The pandemic hasn’t slowed sales at eNvy, a 127-unit condominium complex in Southeast Washington developed by Jair Lynch Real Estate Partners and marketed by Urban Pace. The building, which overlooks Nationals Park, had its best week since its grand opening nearly a year ago, with five units going under contract the week of March 16. It had five showings last week — one in person, four virtual — and is waiting to receive two contracts. The building is ahead of projections for March and halfway to its goal for April.

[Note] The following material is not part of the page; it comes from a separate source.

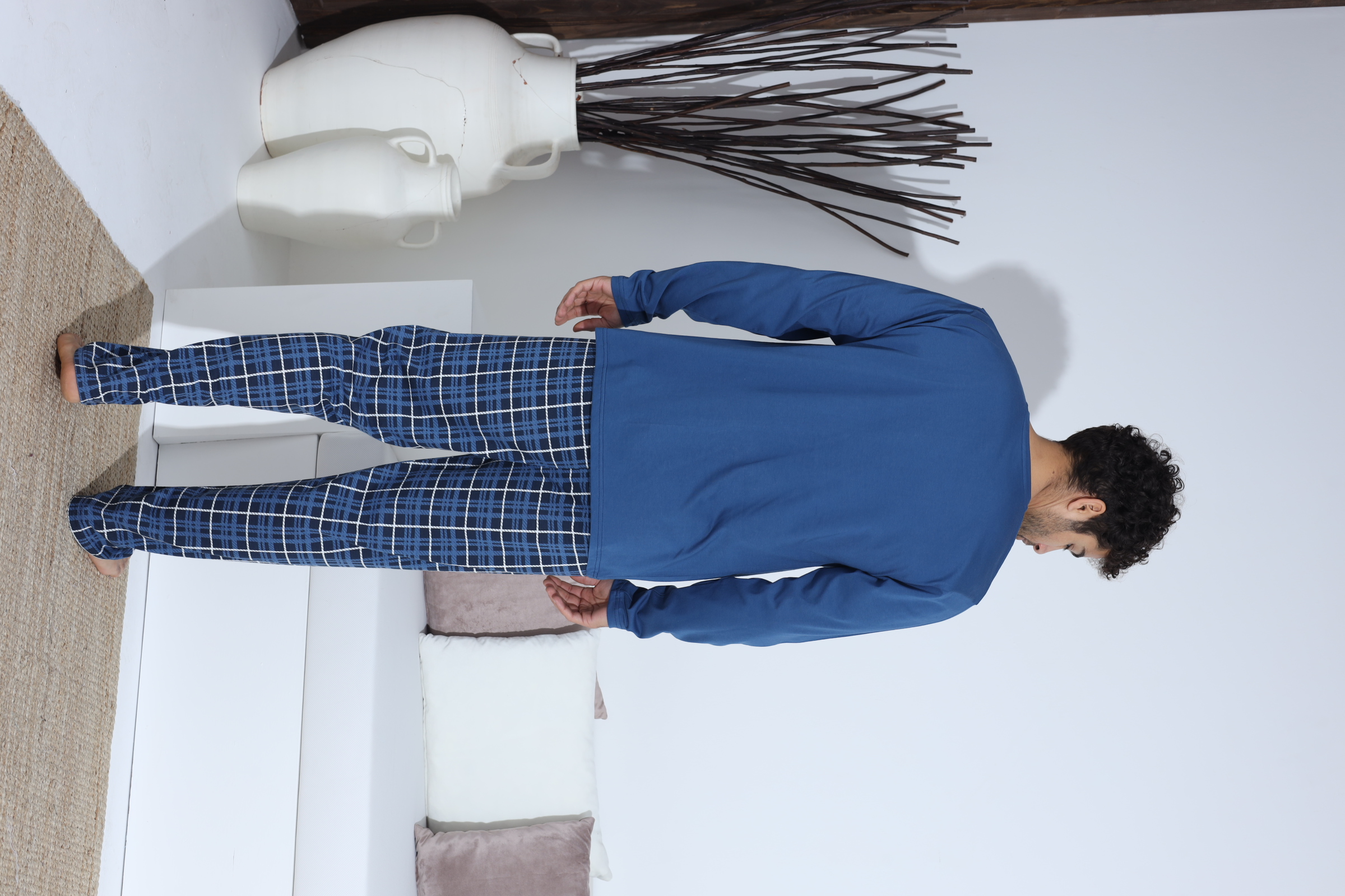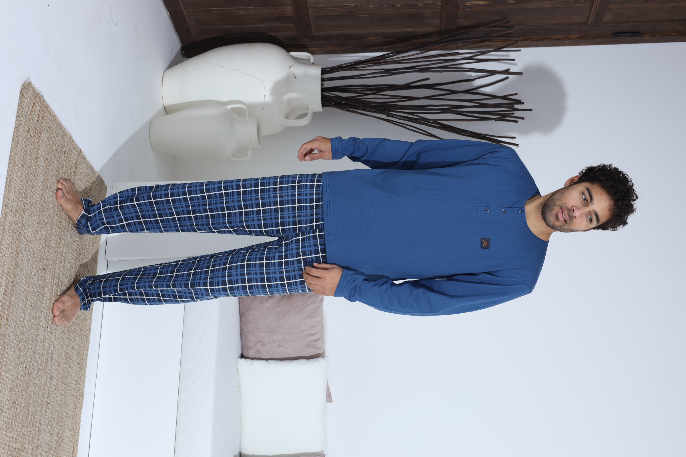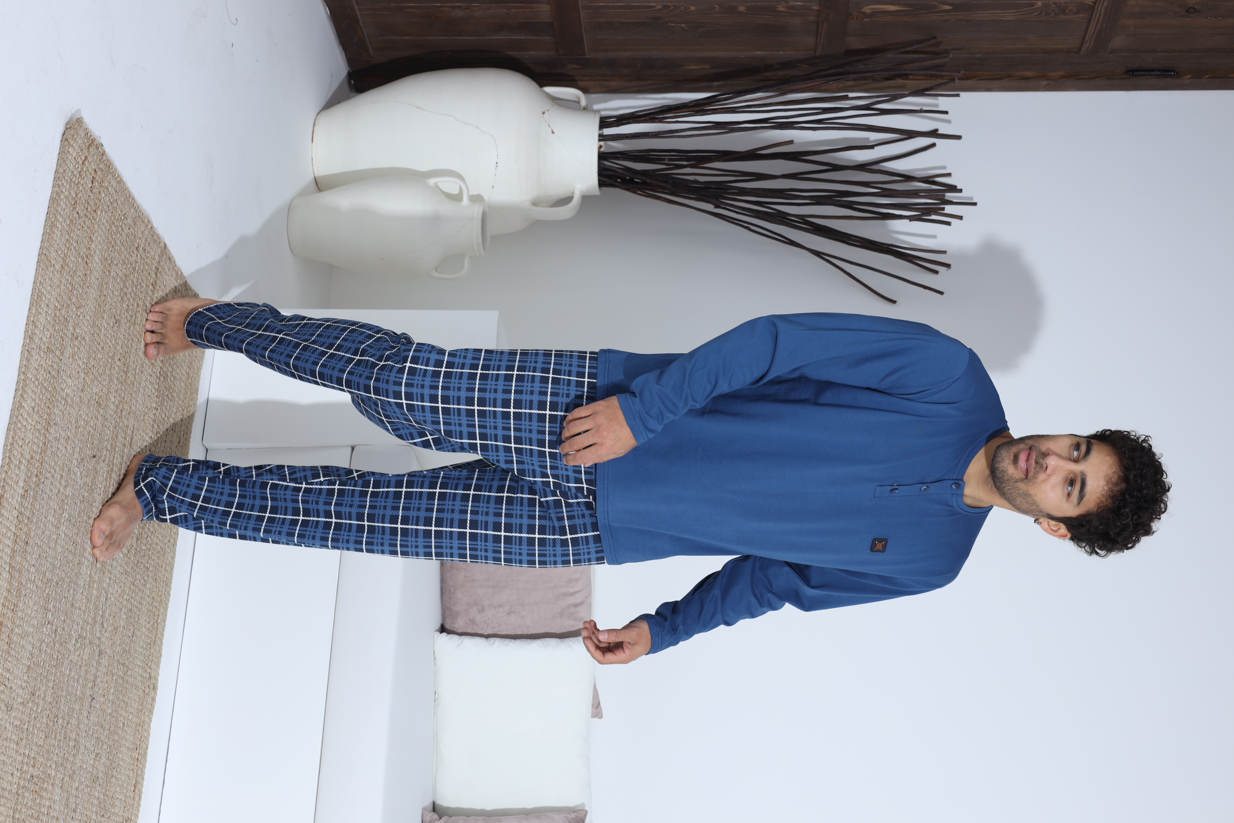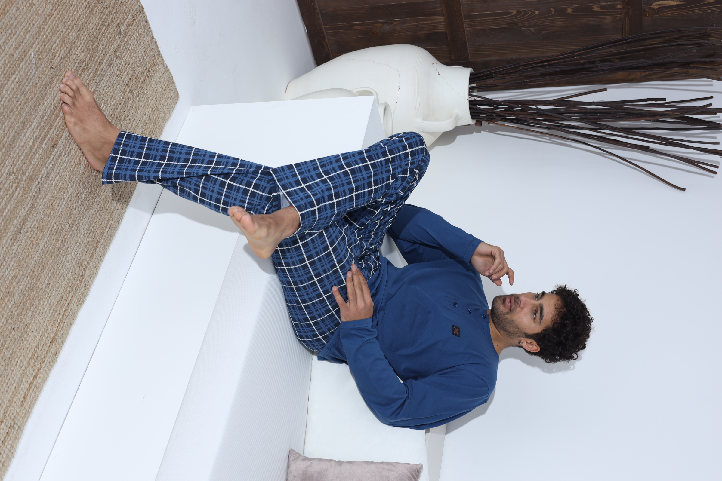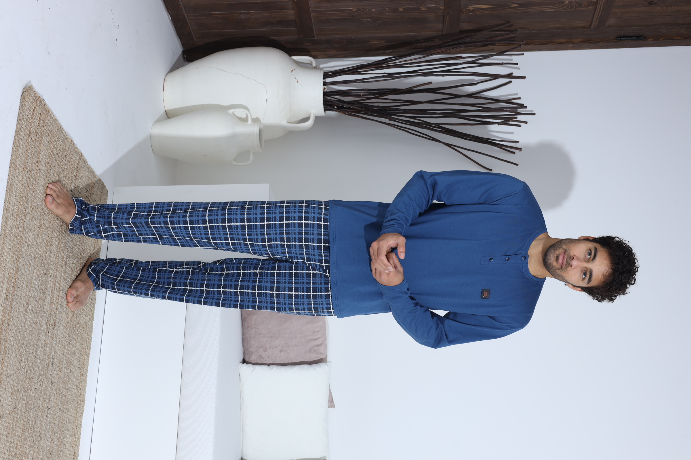 Pijama confortabilă pentru bărbați, cu bluză cu mâneci lungi și pantaloni lungi,cu guler rotund si trei nasturi pe piept. Fabricată dintr-un material moale și respirabil, perfect pentru un somn odihnitor.

Urban Pace thinks its investment in technology — specifically virtual reality that allows buyers to see not only what their unit will look like but also what the view will be — has allowed it to continue to do business. Nonetheless, the company is taking precautions. It stopped holding open houses and went to one-on-one appointments. It sales offices are now closed to the public.

“We increased safety protocols for consumers and our agents to make sure everyone was safe,” said Clint Mann, president of Urban Pace. “I think through the use of FaceTime, virtual sales appointments, go-to meetings, video conferencing, we’re trying to connect with our buyers.”

Ali Wolf, director of economics research at Meyers Research, which analyzes real estate development and new home construction, says builders should weather this downturn better than they did during the Great Recession.

“It’s a different environment where builders had a fire sale in the last [down] cycle. They don’t need to have a fire sale,” she said. “I think [builders’] balance sheets are in better position today than they were during the Great Recession.”

Right now, builders are continuing to build. They are staggering shifts for workers or having one worker inside and one outside. The Department of Homeland Security announced over the weekend that residential construction is an essential business.

“Housing, usually with the exception of the Great Recession, helps us get out of recession,” Wolf said. “I think we’re still in a place that it can help us get out of [a] recession. But I do think there’ll be a short-term blip. There’s going to be some pain felt in the housing sector.”

How great the pain will be remains to be seen.

“It is too soon to tell exactly how it will play out,” said Jeff Tucker, an economist at Zillow. “This is really uncharted territory for the economy, for the housing market, for public health. It makes it challenging for all of us to forecast or even speculate about the future.”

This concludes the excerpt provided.